I finished recently Sprint – How to Solve Big Problems and Test New Ideas in Just Five Days (Jake Knapp with John Zeratsky & Braden Kowitz, 2016, 288 pages). And I think this is a great book, that fits perfectly well in the bibliography for Product Discovery, which I’ve been fascinated about in recent times.
To start with, the book is based on lots of first-hand experience by the authors running over 100 sprints in total, and having adjusted several details on how to go about doing it.
The book brings not only the rationale behind why one should to run such a Design sprint, but it also breaks the sprint down to the hour level describing all the activities involved.
Behind the idea for a sprint lays the strategic value involved in picking some great hypothesis about a product or service, prototyping one or two possible solutions, and testing them against real users.
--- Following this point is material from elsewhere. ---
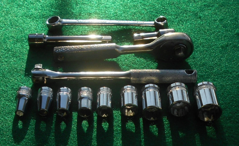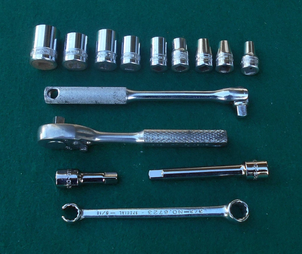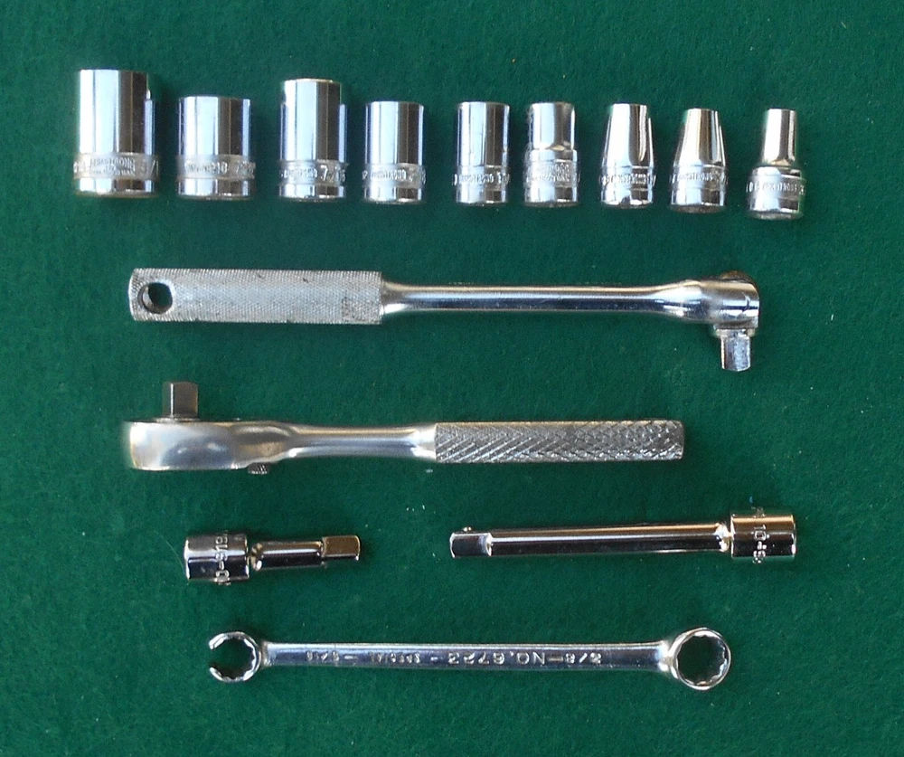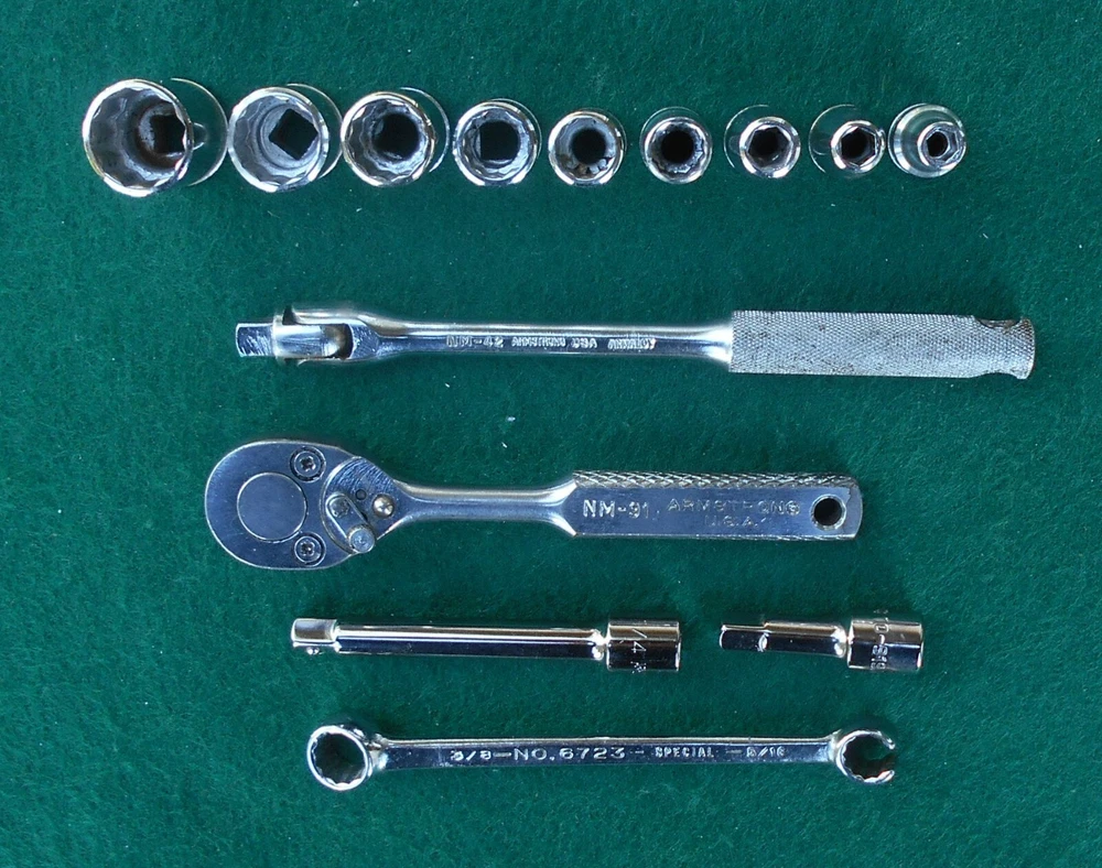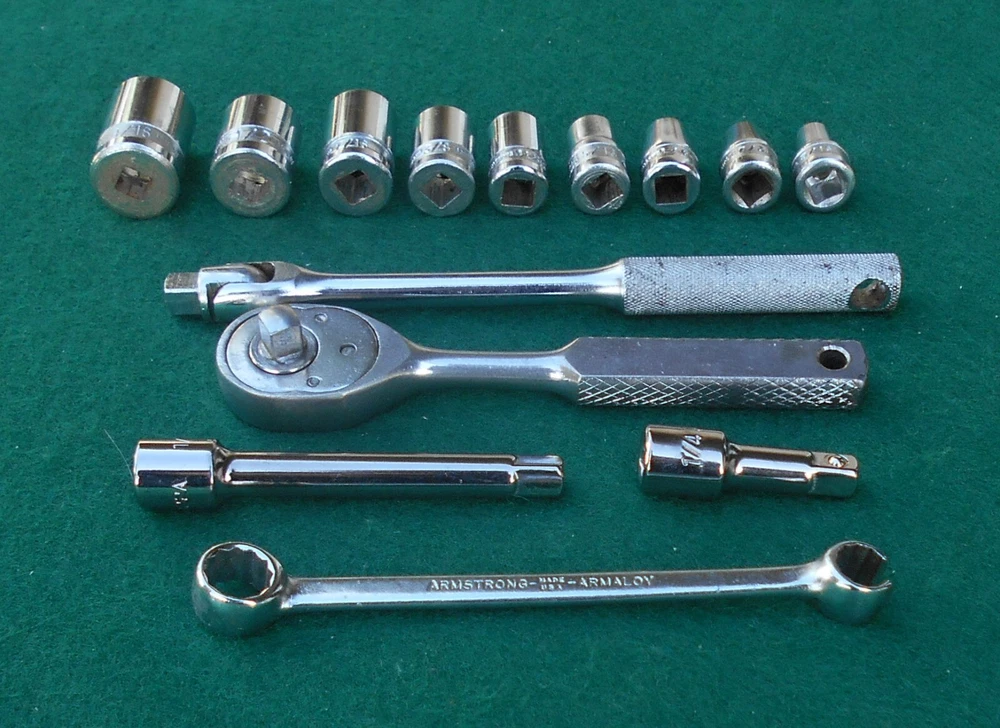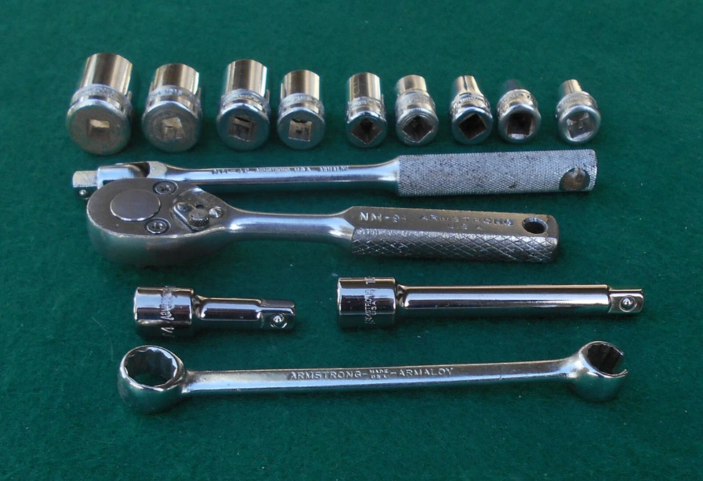 ARMSTRONG 14 piece 1/4" drive SAE Socket Wrench Set with Box manufactured by Armstrong Bros., Chicago, Illinois * this set contains: NM606 3/16" 6-point marked ARMSTRONG ** NM607 7/32" " NM608 1/4" " NM1210 5/16" 12-point marked ARMSTRONG MADE IN USA NM1211 11/32" 12-point marked ARMSTRONG NM1212 3/8" " NM1214 7/6" " NM1216 1/2" 12-point marked ARMSTRONG MADE IN USA ARMALOY NM1218 9/16" 12-point marked ARMSTRONG MADE IN USA ARMALOY (with logo) 10-919A 1-inch extension marked ARMSTRONG 1/4 10-922A 3-inch extension marked ARMSTRONG USA 1/4 NM42 6-inch flex handle (breaker bar) marked ARMSTRONG U.S.A. ARMALOY NM91 Oval-Head Ratchet marked ARMSTRONG U.S.A. 6723 3/8" 12-pt box wrench x 5/16" 12-pt flare nut wrench marked ARMSTRONG MADE IN USA SPECIAL * the 10-919A one-inch extension and the 10-922A three-inch extension are not original to the set, and are of later production than the other (original) pieces in the set - presumably manufactured after the acquisiton of Armstrong by the Apex group. they are both add-ons to the set and are NOS. - Several of the pieces in the set have light engraving marks from a previous owner. (looks like "EH" or "LH") - No chips, cracks, peeling chrome, and nothing is rounded out. - The box, as odd as it is, came with the set. I have no idea if it's original. Works fine. Latch is very cool. - I have no clue on the wrench. 5/16" flare nut? Marked "Special". - I found another Armstrong 1/4" dr 5/16" 12-pt socket in another box and I'm tossing it in with the deal here. ** there are TWO NM606 3/16" sockets in this set. 07/31/24 - Ratchet works just fine. - Exceptionally well-made tools with lustrous chrome in excellent condition. This item is sold as is. There is no guarantee or warranty, either express or implied, regarding merchantability or fitness for a particular use or purpose. All sales are final. No returns, no exchanges, no cancellations, no refunds. I ship only to destinations within the 50 U.S. States, and only to buyers who pay immediately through PayPal. These terms are expressly in lieu of any and all other terms, "user agreements", or "terms of use", and no party has the authority to vary or extend them. Bidding on this item or clicking "Buy Now" indicates your full agreement with seller's terms.

This is at the core of Product Discovery, but this book makes it very concrete for someone looking for where to start.
I love how the process goes away from group thinking and traditional brainstorming sessions to actually cater for both learning from the experts, to sketching of solutions individually, to reviewing them efficiently in group, to gathering real feedback from real potential users.
Add to it some sprinkles of good stories from real-life sprints the authors have run themselves, and the mix is a great book for anyone trying to move away from “old” practices into modern ways of organizing tech product teamwork.